### Entries provided ###

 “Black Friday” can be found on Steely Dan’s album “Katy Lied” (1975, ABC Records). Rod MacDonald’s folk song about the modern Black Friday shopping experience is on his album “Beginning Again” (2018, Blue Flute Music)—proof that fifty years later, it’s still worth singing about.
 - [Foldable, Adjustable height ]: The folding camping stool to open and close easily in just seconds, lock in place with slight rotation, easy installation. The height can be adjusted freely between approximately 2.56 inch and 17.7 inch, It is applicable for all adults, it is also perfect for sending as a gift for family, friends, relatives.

###
### Entries provided ###

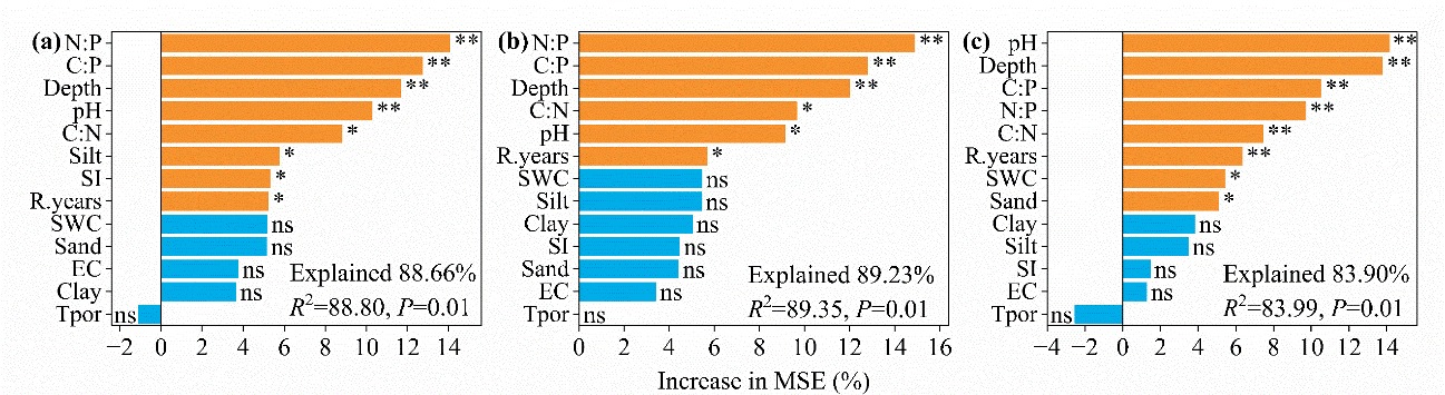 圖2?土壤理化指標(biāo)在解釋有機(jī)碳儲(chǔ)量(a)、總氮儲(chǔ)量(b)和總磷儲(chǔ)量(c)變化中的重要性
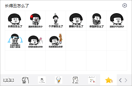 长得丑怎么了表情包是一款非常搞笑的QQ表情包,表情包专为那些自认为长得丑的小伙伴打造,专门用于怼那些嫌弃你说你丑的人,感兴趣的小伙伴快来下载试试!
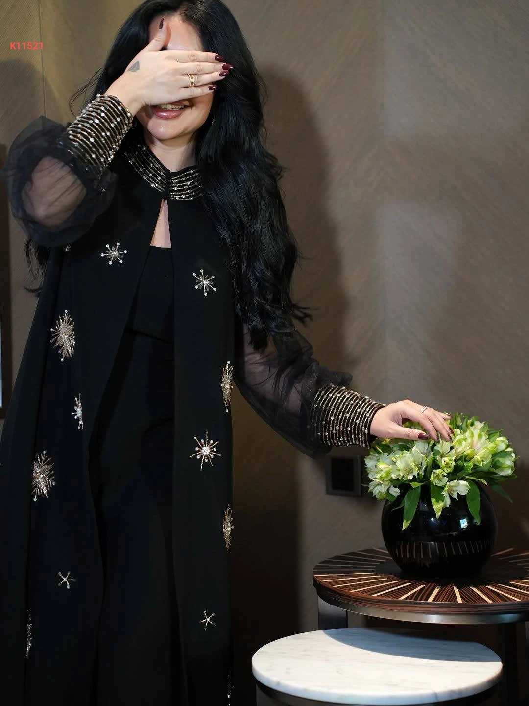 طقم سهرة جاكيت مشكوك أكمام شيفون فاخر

###

*Problem statement*
Going back to the entries above, set down exactly the lines that begin at the one with "worth singing about." and end at the one with "- [Foldable, Adjustable", both included, and nothing else.

*Result for this task*
 “Black Friday” can be found on Steely Dan’s album “Katy Lied” (1975, ABC Records). Rod MacDonald’s folk song about the modern Black Friday shopping experience is on his album “Beginning Again” (2018, Blue Flute Music)—proof that fifty years later, it’s still worth singing about.
 - [Foldable, Adjustable height ]: The folding camping stool to open and close easily in just seconds, lock in place with slight rotation, easy installation. The height can be adjusted freely between approximately 2.56 inch and 17.7 inch, It is applicable for all adults, it is also perfect for sending as a gift for family, friends, relatives.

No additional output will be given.